Estava exausto. Precisava dormir enquanto ainda tinha tempo. O dia de domingo estava nascendo juntamente com a certeza de que aquele sentimento já era irreversível.
“Como veneno que se espalha pelo sangue. Consome por dentro, impossível de livrar-se”.
Subiu as escadas de mármore do castelo e, chegando a um quadro de uma mulher muito gorda num vestido rosa de cetim, falou a senha, quase sussurrando.
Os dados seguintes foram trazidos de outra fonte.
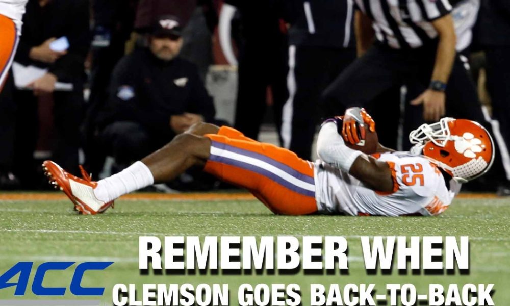 Check out the following flashback video of Clemson’s win over Virginia Tech to clinch their second straight ACC championship back in 2016, courtesy of the ACC D
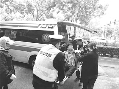 泊头市公安交警大队值勤民警救助受伤老人
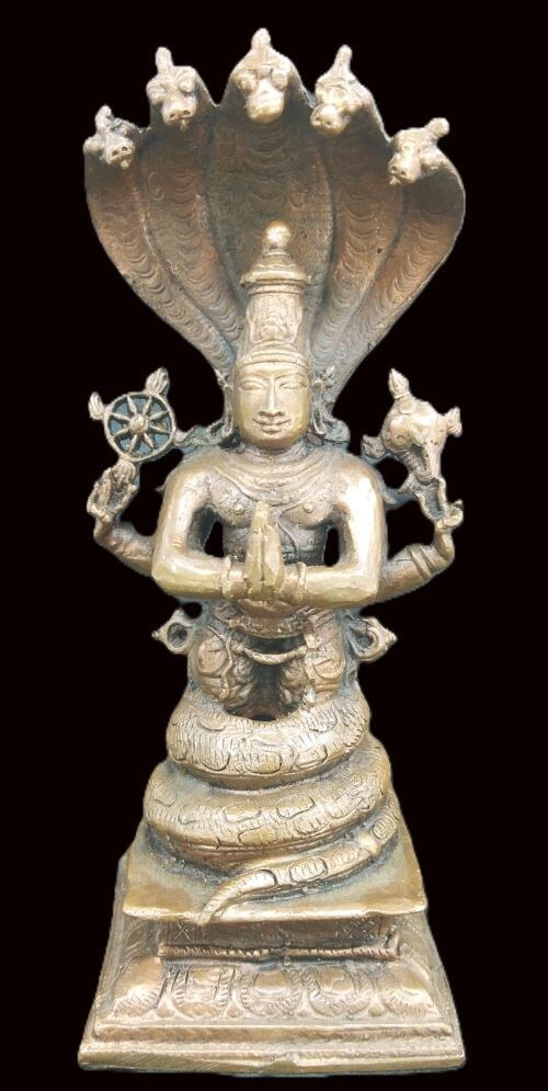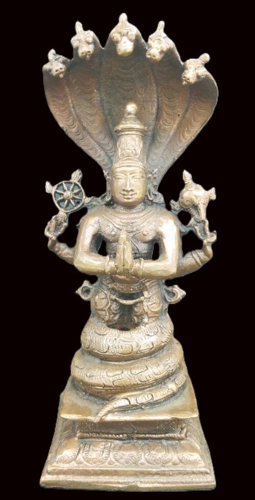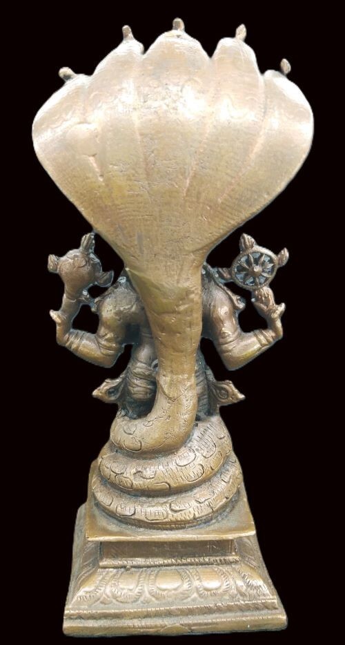 Beautiful Patanjali Murti seated on big size five headed snake In Pure Solid Copper artistically crafted in solid copper by skilled artisans of South India having four hands , two upper hands holding shankha and chakra .
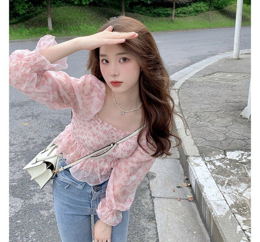 Puff-Sleeve Floral Print Ruffled Drawstring Blouse
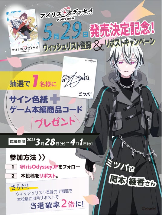 株式会社フロンティアワークスは、自社ゲームブランド「FW Games」にてプロモーション協力を行っております合同会社イースニッド(代表社員:太田一行)がSteamにて開発中の新作フルボイス現代ファンタジーADV 『アイリス・オデッセイ パンドラの少女』 の発売日が 2026年5月29日(木) に決定したことをお知らせいたします。
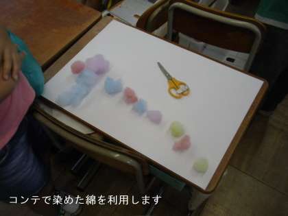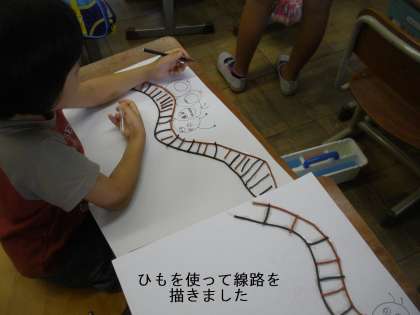 2年生も3年生に負けじと「お話の絵」に取り組んでいます。コンテで綿を染色して画用紙にはったり,ひもを使って線路にしたりと工夫しています。どんな絵になるのか楽しみです。
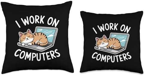 I Work On Computers Funny Coder Programmer Cat Lover Throw Pillow
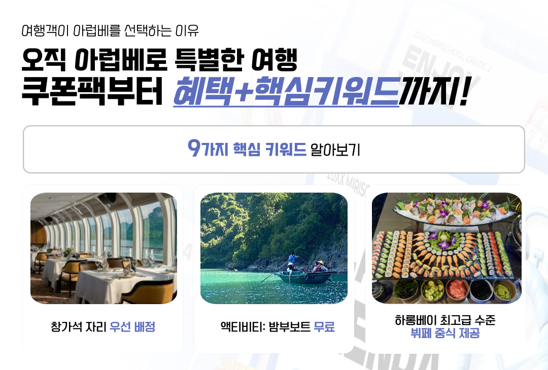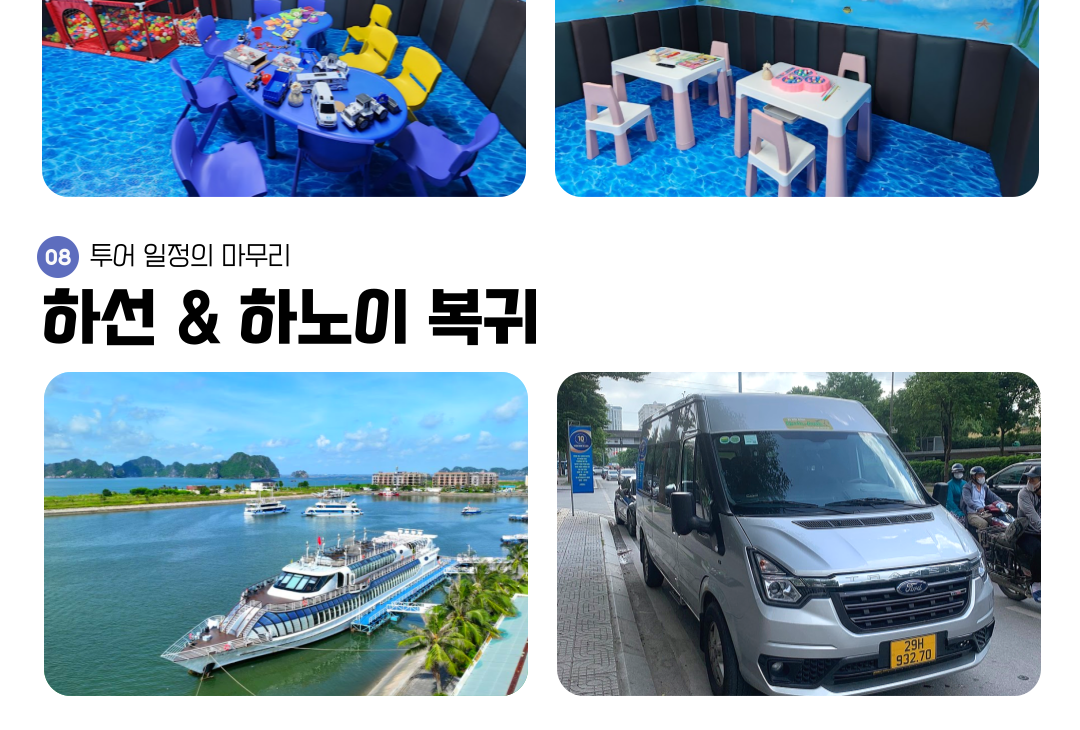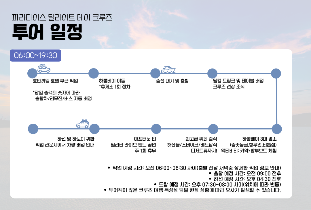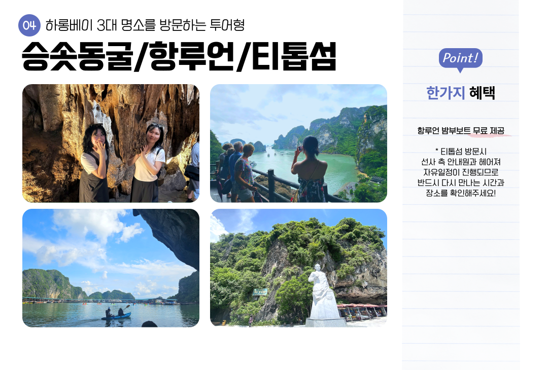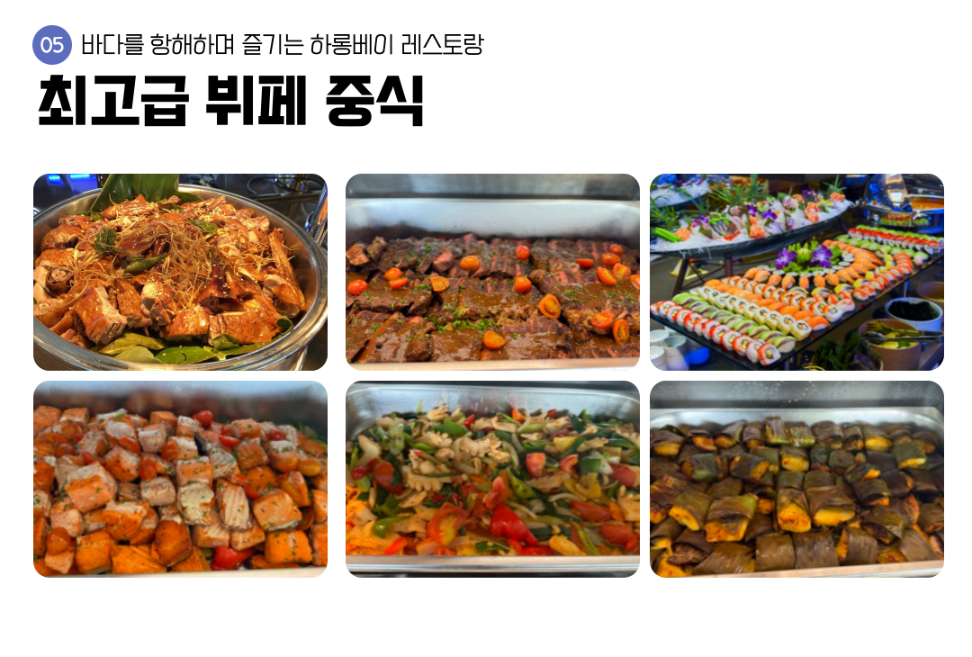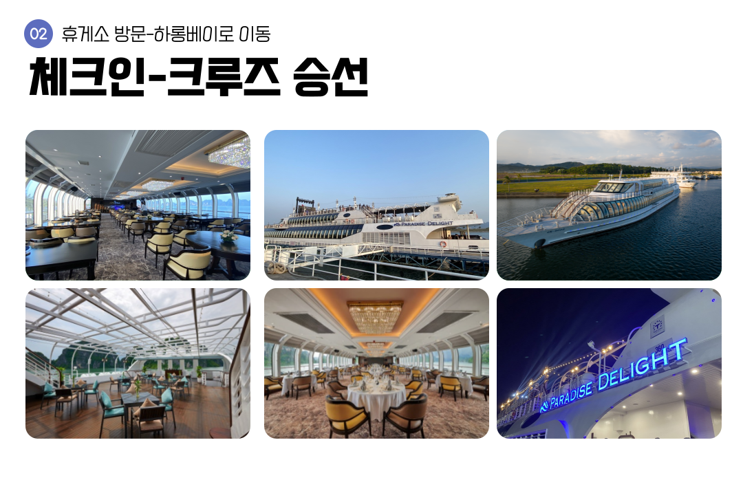 최고급 시설과 최고의 음식을 제공하며 하롱베이 3대 명소, 라이브밴드 공연으로 이루어진 일정입니다.
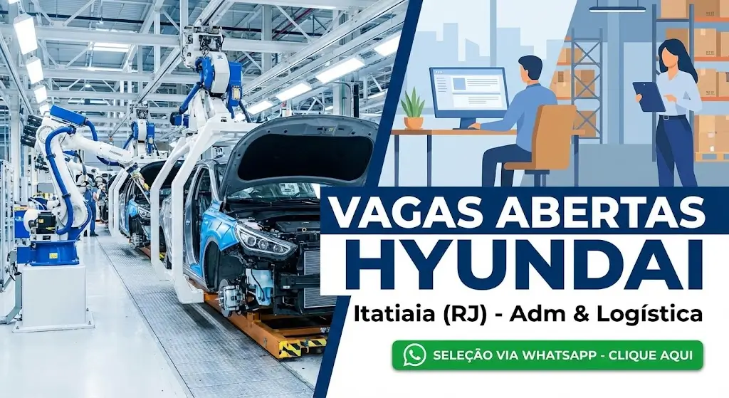 A Hyundai, multinacional sul-coreana reconhecida mundialmente, está com novas oportunidades de emprego em Itatiaia, no Rio de Janeiro. A empresa busca profissionais para os cargos de Assistente Administrativo e Operador Logístico, oferecendo uma experiência única dentro de uma fábrica de grande porte. A seleção é feita diretamente via WhatsApp, tornando o processo de candidatura simples e rápido.

Espremeu-se pelo buraco e viu o salão que já recebia os primeiros raios alaranjados o domingo. Cuidava muito para não fazer barulho. A sala deveria estar vazia àquela hora, mas qualquer descuido poderia render-lhe uma detenção, mesmo sendo monitor-chefe. Principalmente sendo monitor-chefe.
Quando o retrato atrás de si fechou-se, rangendo as esquadrias ele imobilizou-no lugar. De um canto escuro ouviu um suspiro prolongado.
Tinha certeza que estava com problemas.
Ao ver os cabelos castanhos espalhados sobre a mesa, soube que seus problemas acabaram de ficar ainda maiores.